Introduction

Rhythmic behaviour is characteristic for the nervous system at different hierarchical levels. Periodic temporal patterns can be generated both by endogenous pacemaker neurons and by multicellular neural networks. At single-cell level it was demonstrated, both experimentally and theoretically, that periodic membrane potentials could bifurcate to more complex oscillatory behaviour (ultimately identified by chaos) in response to drug treatment (Holden, Winlow & Haydon, 1982; Chay, 1984). Even the alteration of periodically synchronized oscillation and chaotic behaviour has been found in periodically forced oscillators of squid giant axons (Aihara, Matsumoto & Ichikawa, 1985).

The appearance of quasi-periodicity and chaos has been associated with abnormal neural phenomena not only at single neural level but as well at macroscopic scale connecting chaotic EEG dynamics to epileptic seizure (Babloyantz, Salazar & Nicholis, 1985). At intermediate level, chaotic behaviour was found in a model of the central dopaminergic neuronal system, and was associated with schizophrenics (King, Barchas & Huberman, 1984).

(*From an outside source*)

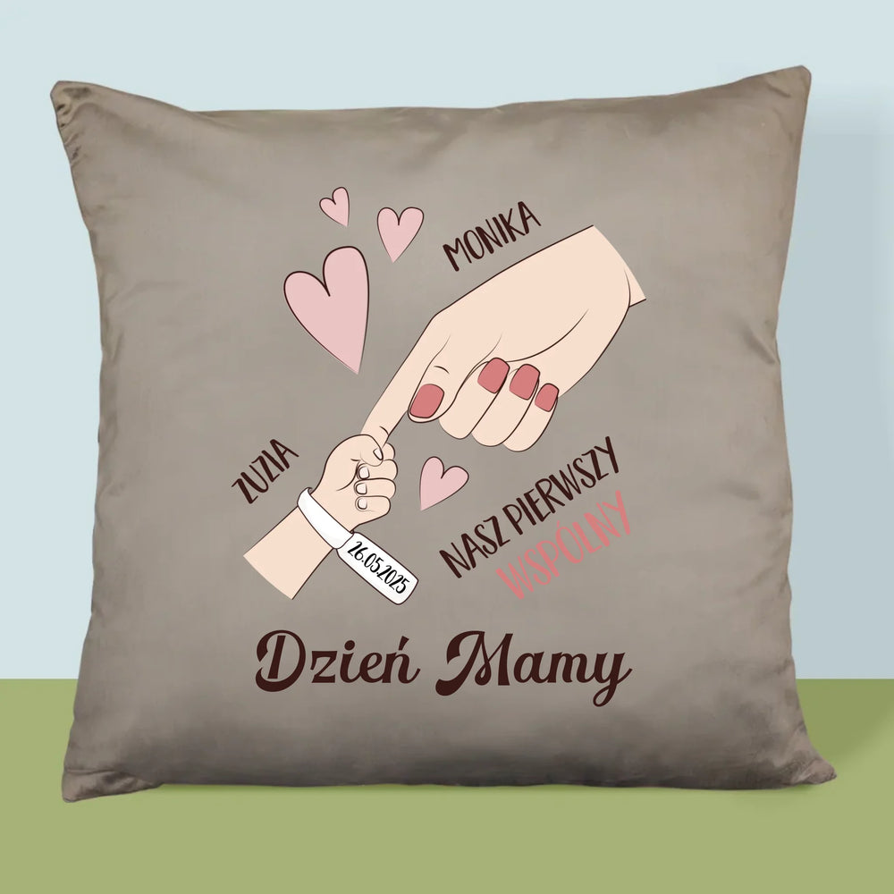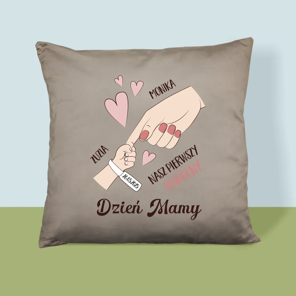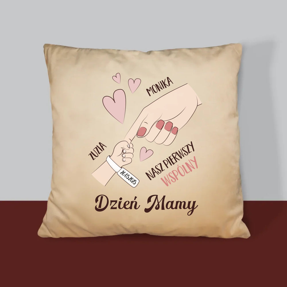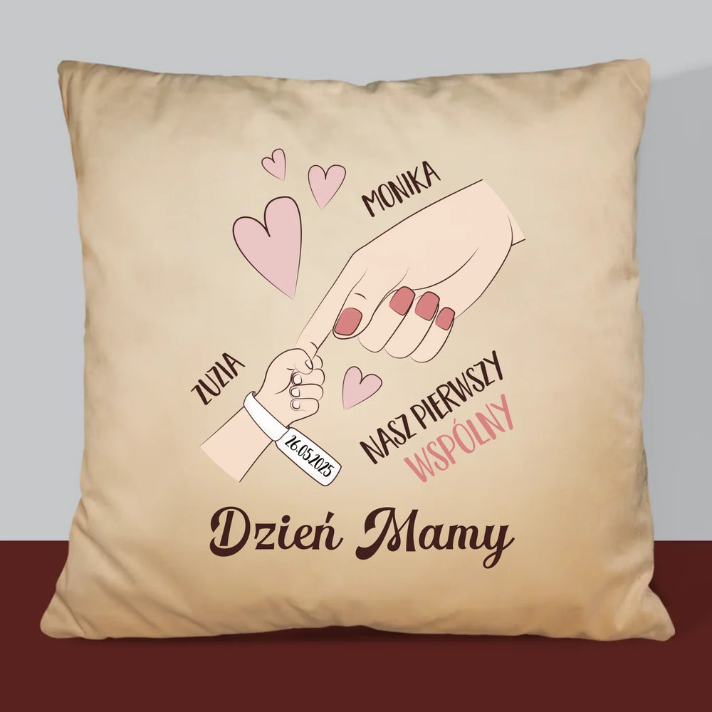 Imię i Podpis: Pierwszy Wspólny Dzień Mamy - Poduszka z Nadrukiem

‘Normal’ and ‘abnormal’ dynamic behaviour, also at intermediate, namely synaptic level, has recently been investigated (Érdi & Barna, 1986; Éedi & Barna, 1987). Preliminary numerical calculations suggested that the regular periodic operation of synaptic level rhythmic generator of cholinergic system requires a fine-tuned neurochemical control system. Even mild impairment of the metabolism might imply ‘abnormal’ dynamic synaptic activity.

Memory disorders associated with Alzheimer's disease, partially due to disturbance of the control system of acetylcholine (ACh) synthesis, can be accompanied by change of dynamic patterns of firing frequency (Wurtman, Hefti & Melamed, 1981).